先述の大学の奨学金や株式の動向、景気や金融状況や天候など、各国の社会問題はメディアなどで大きな時間や枠を割かれて検証されるとしています。それは日本も同じでしょう。
子どもの福利(幸福をもたらす利益)
一方、ヨーク大学のジョナサン・ブラッドショー教授は「子どもの福利(幸福をもたらす利益)に対しもっと関心を持つべき」と警鐘を鳴らしています。
これは、子どもの福利は格差が拡大するほど低くなるという調査結果からの意見です。2015年、15か国5万5000人の子どもへの調査において、英国が子どもの福利ランキングで下位に沈んでいます。英国は世界でもトップクラスに格差が大きいことで知られていますが、他国においても子どもの福利と格差の相関関係が見えたということです。
格差の大きな国では、社会的地位の高低に意識が強くなり、高級ブランドや贅沢品への欲求が高まります。
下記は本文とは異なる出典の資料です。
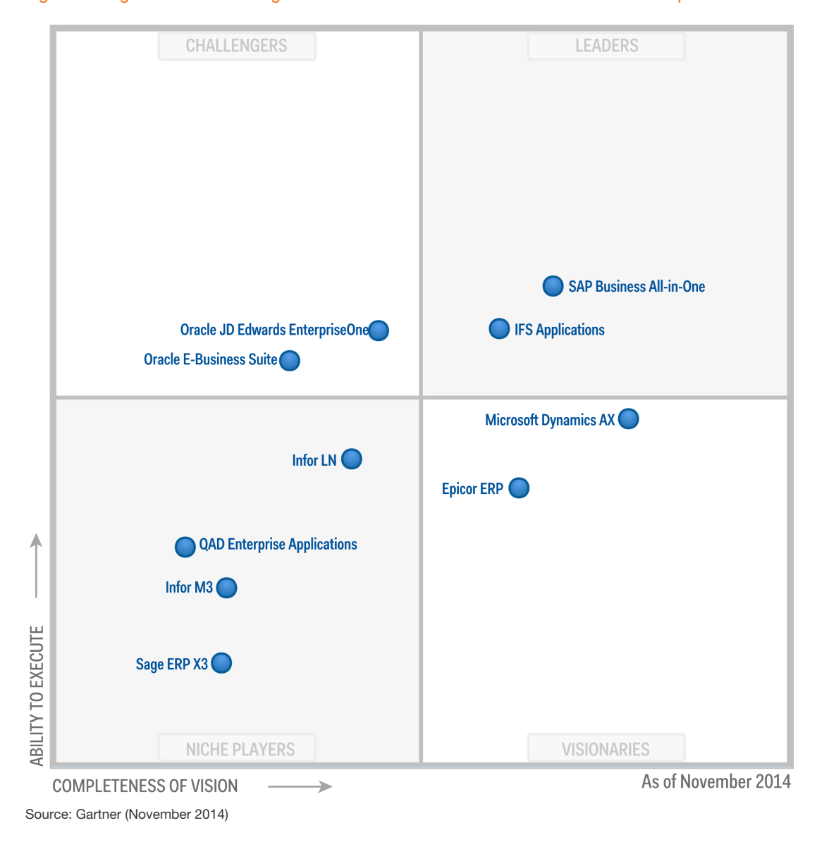
Figure 1. Magic Quadrant for Single-Instance ERP for Product-Centric Midmarket Companies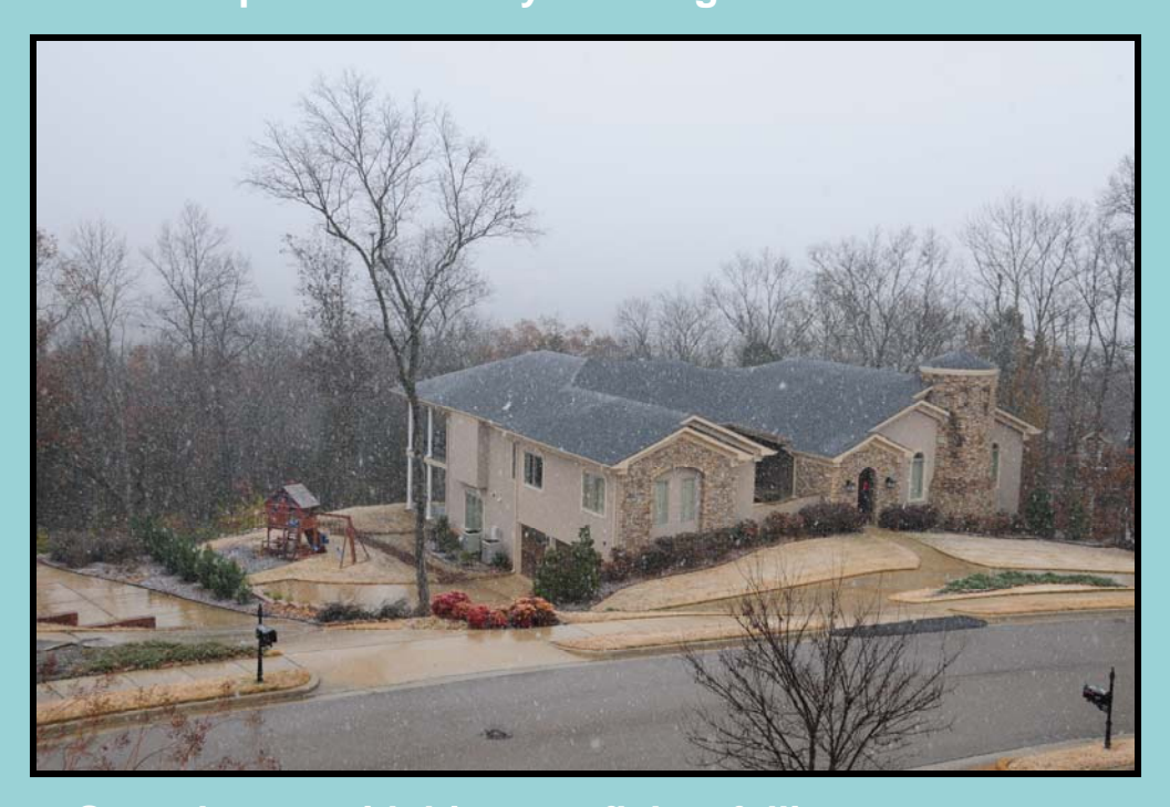
Same house with big snowflakes falling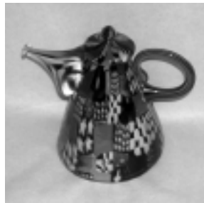
Ceramic teapots (left and above)

itory with 160 students. During his long tenure at Stanford, he was father figure, mentor, and exemplary teacher to generations of graduates and undergraduates.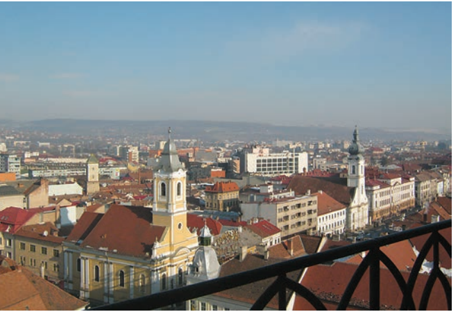
A birds-eye view of the city of Cluj-Napoca in Romania.

Both the SPPA and BBU research teams met with elected officials, government employees, private-sector leaders and nongovernmental organization (NGO) organizers to conduct research on topics of interest.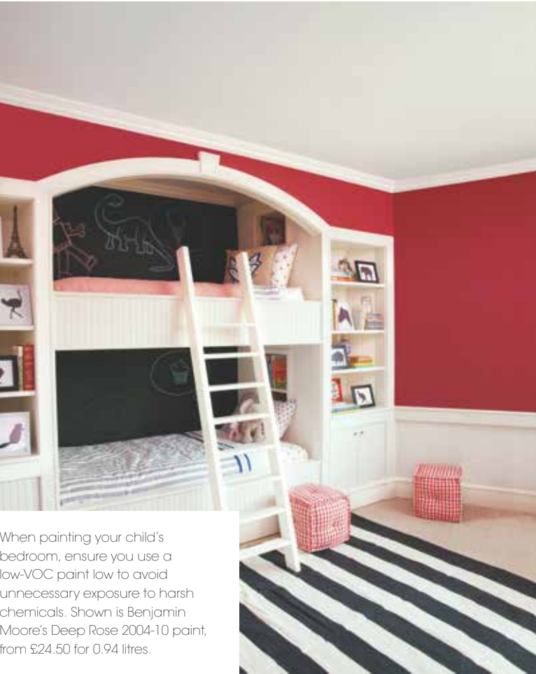
When painting your child's bedroom, ensure you use a low-VOC paint low to avoid unnecessary exposure to harsh chemicals. Shown is Benjamin Moore's Deep Rose 2004-10 paint, from $24.50 for 0.94 litres.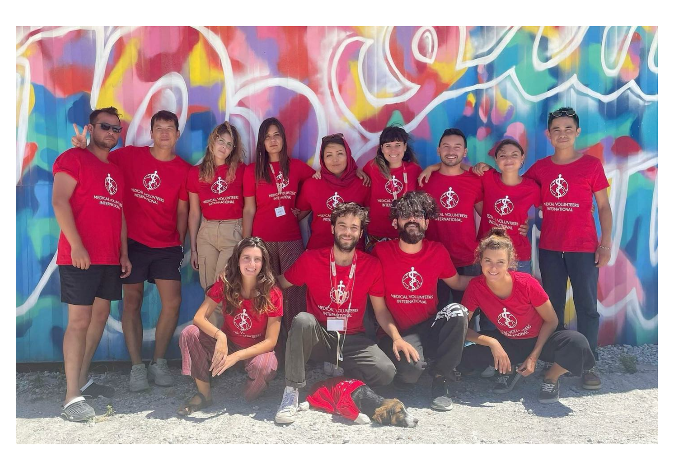
MVI team in Lesvos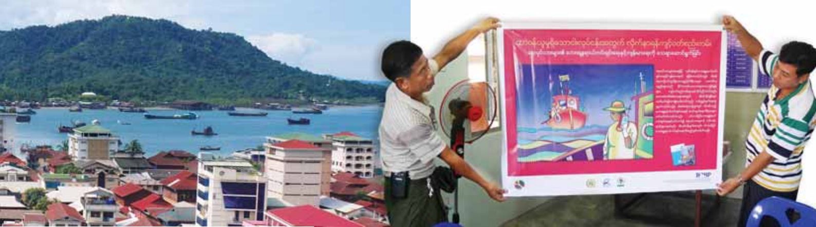
Figure 2 shows some of the issues that we picked up in our recent fieldwork in Myanmar. Two initiatives to improve the meso level are explained in more detail under the next two headings. The Myanmar case is also further expanded in Article 4 'Assessment of meso organisations' from an organisation development perspective.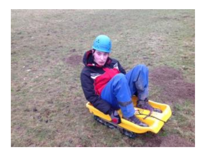
"This grass sledging lark is great fun - am I expected to get out, stand up and drag it back to the top of the hill?"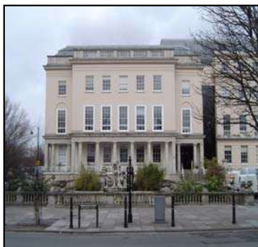
Figure 36 Royscot House

completed in 1987 at a cost of £3 million;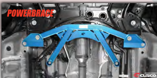
POWERBRACE FRONT PART NO: 951 492 F MSRP: 19,000 yen (JPY) $254.00 (USD)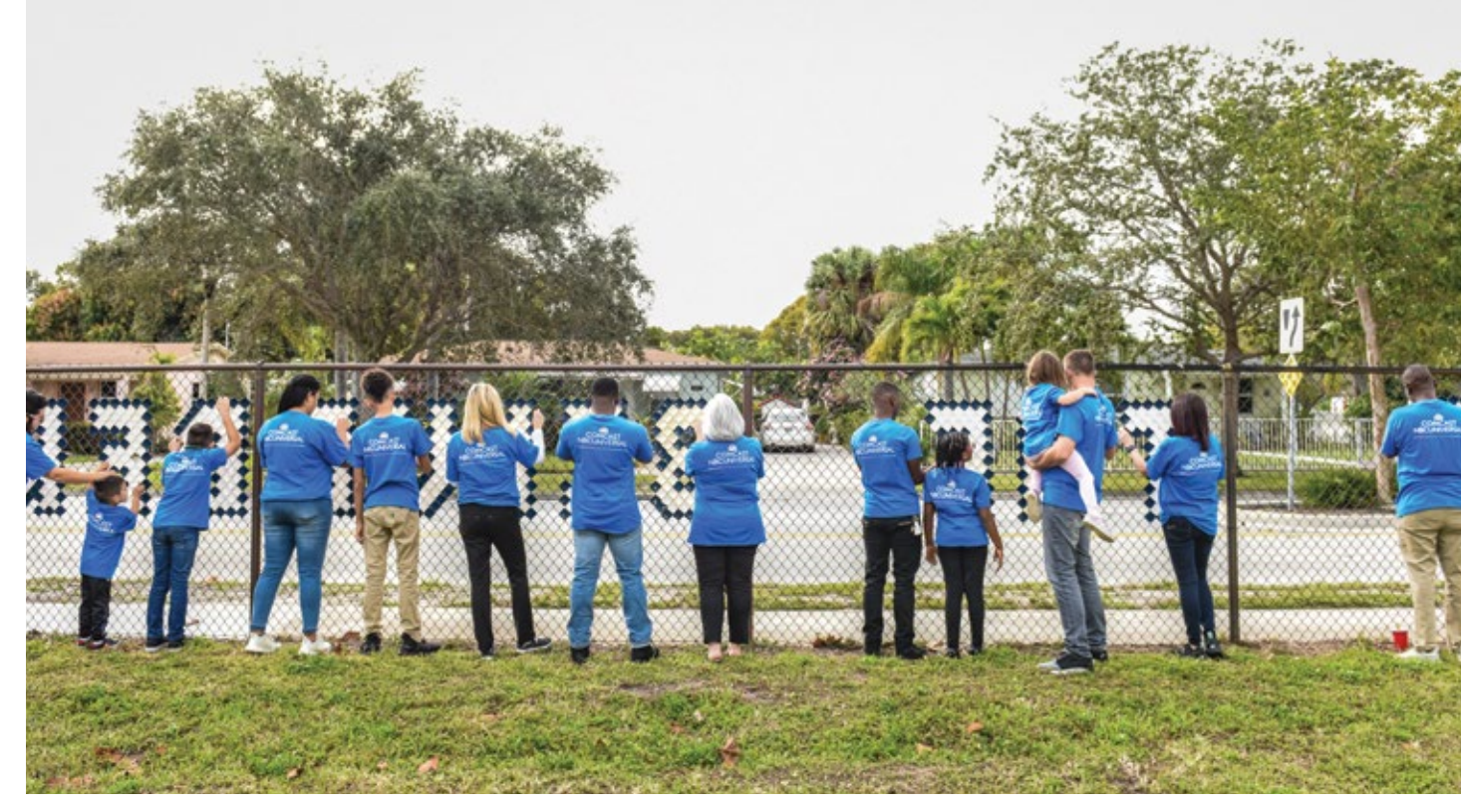
The Most Impactful Employee Volunteer Programs You Need to Know About | 4

Employees, their friends, families and community partners have contributed more than 6 million hours of service to more than 10,000 projects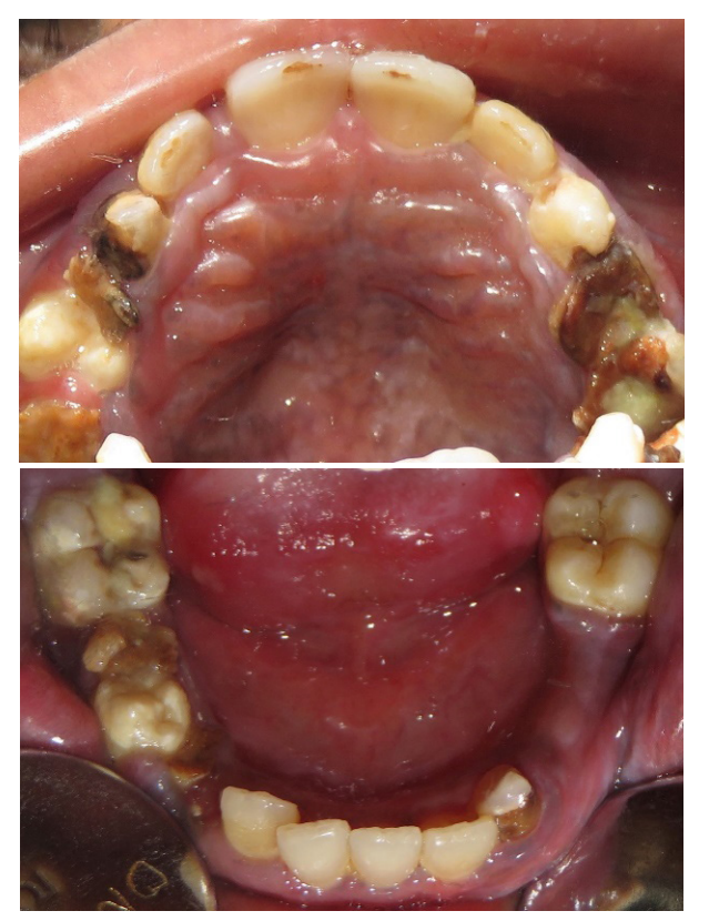
Figures 5 and 6 - Maxillary and mandibular arch showing multiple non-restorable deciduous teeth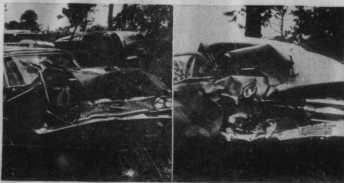
SMASHED—On the left is the Parker station wagon which was totally destroyed in a head-on collision Friday afternoon with the Simmons car, right, which also was a total loss. No lives were lost in the accident, but five persons were hospitalized.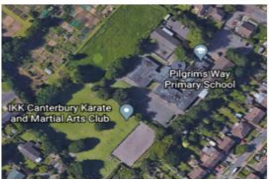
Ariel view of our school and surrounding area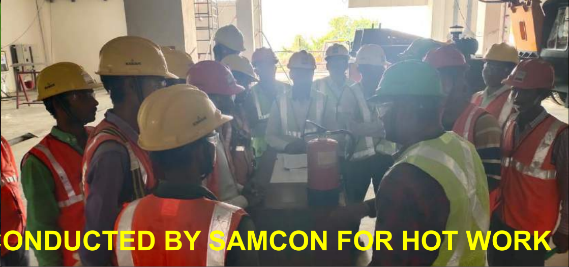
PASS SYSTEM TRAINING CONDUCTED BY SAMCON FOR HOT WORK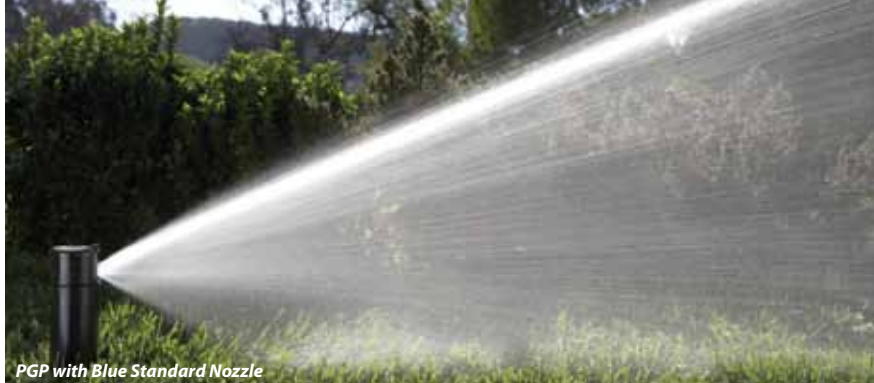
PGP with Blue Standard Nozzle

Only the PGP provides excellent coverage both close to the sprinkler as well as throughout its full distance of throw. The exceptional performance of PGP nozzles guarantees uniform results with no wet or dry spots in all head-to-head spacing installations from 20 to 45 feet. And because the nozzles are easily interchanged and adjusted, the installer can easily fine tune watering to meet field conditions.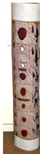
AM 3872/06 Jimmy Ngaiakum Lorrkon, Hollow Log 2006 Stringybark (eucalyptus tetradonta) with ochre pigment & PVC fixative 1390 x 240mm $4200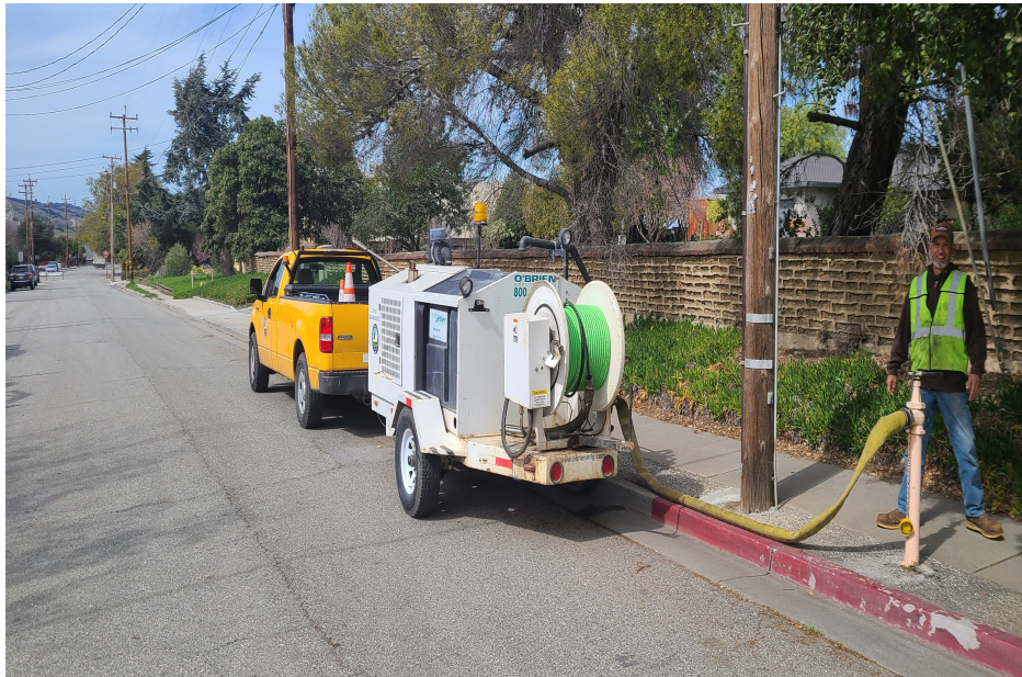
Sewer Jetting Trailer

The Month of October was business as usual. This month required the normal preventative maintenance procedures these include sewer lift station maintenance and hot spot sewer main jetting. The city wide sewer lift stations are serviced 3 times a week and the hot spot jetting is completed by the end of the first week of every new month. The sewer lift stations annual cleaning has also been completed this helps remove debris and grease build up that could lead to pump damage or clogs. Some months have many problems that need to be sorted out and some months are free of any major problems. Public Works is always ready to take on any challenges that might arrive. Our preventative maintenance plan has really helped reduce sewer over flows.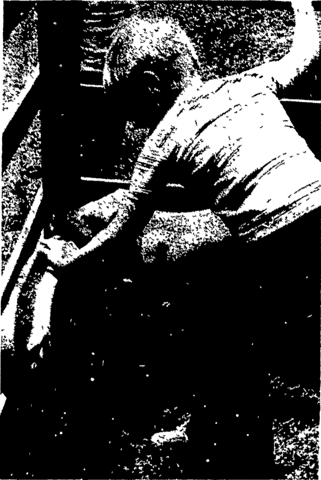
Many youngsters refused to touch the pigs. This young man approaches the swine timidly. Others were bold enough to pick the piglets up by the back feet to hear them squeal. And one young man needed an answer to the question, "Do they speak pig latin."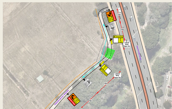
Kedron Brook Bikeway - Partial Closure Location 1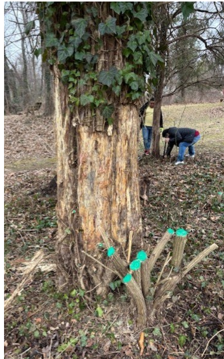
Bush Honeysuckle (foreground) with cut stems painted with herbicide to kill the roots.

All participants agreed that the event was a plus for both organizations, and we hope to be able to host the workers and benefit from their energy in the future.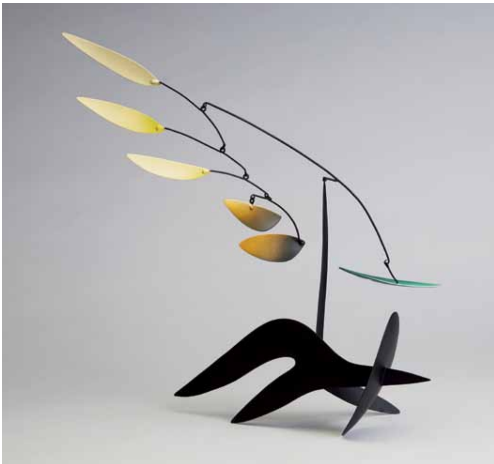
Arpeggio Standing mobile in brass and aluminum with steel wires, oil and acrylic colors 16 x 19 x 6" MD876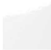
L7 laqué blanc brillant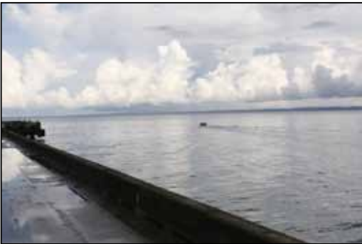
The Kangu beach - border between Bougainville and Solomon Islands.

The controversy on weapons disposal has been questioned again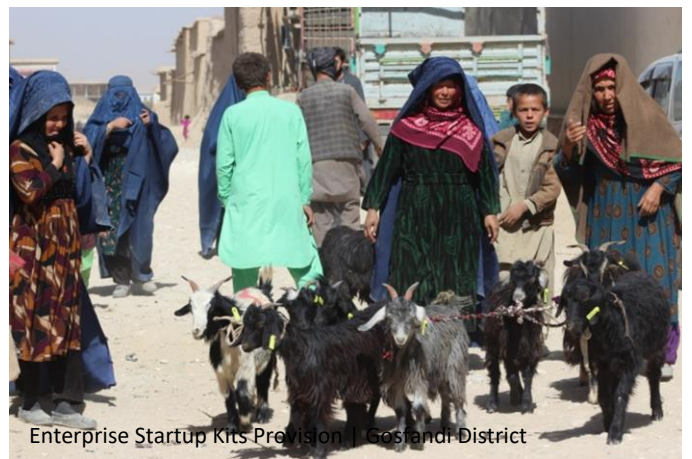
Enterprise Startup Kits Provision | Gosrandi District

Additionally, another 200 (186 female) members who previously completed their vocational skills training received enterprise startup kits in Balkh and Sarepul provinces in order to establish or enhance their micro-enterprises.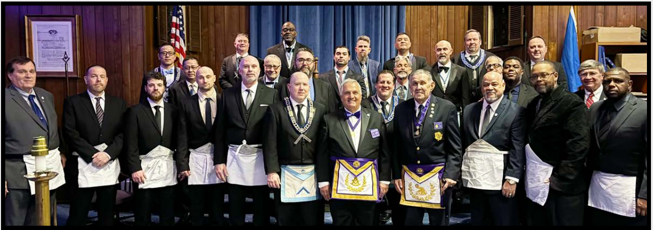
April 4th, 2024 Entered Apprentice Degree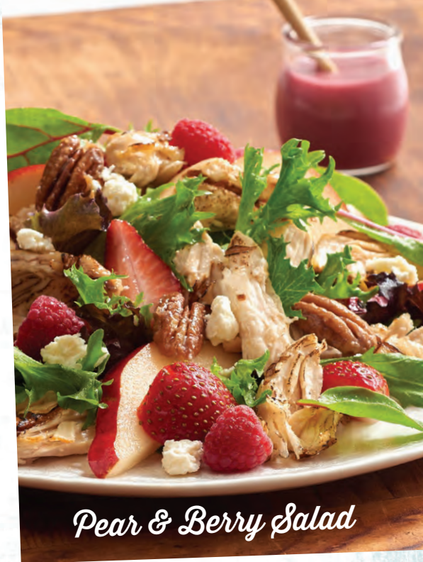
Pear & Berry Salad

まさに物質主義と言えますが、そうした国の子どもたちも「人が持っているモノによって社会的評価が決まる」と考えるのは自然ではないでしょうか。
物質主義的な考えは社会的地位への意識が強まるほどに上昇し、他人との競争が常態化します。消費財や贅沢品を供給する企業や広告代理店はそういった不安や焦燥感を巧みに利用し、購買を煽ります。最近ではSNSによって「競争相手」たる他人の数は増加する一方なのです。
そのような社会の影響を最も受けるのが多感な子どもなのは間違いないでしょう。そしてそれが健全でないことも想像に難くありません。ブラッドショー教授の指摘は決して的外れではないのです。それが一番、社会の健康状態を表す可能性は高いと解釈しているということです。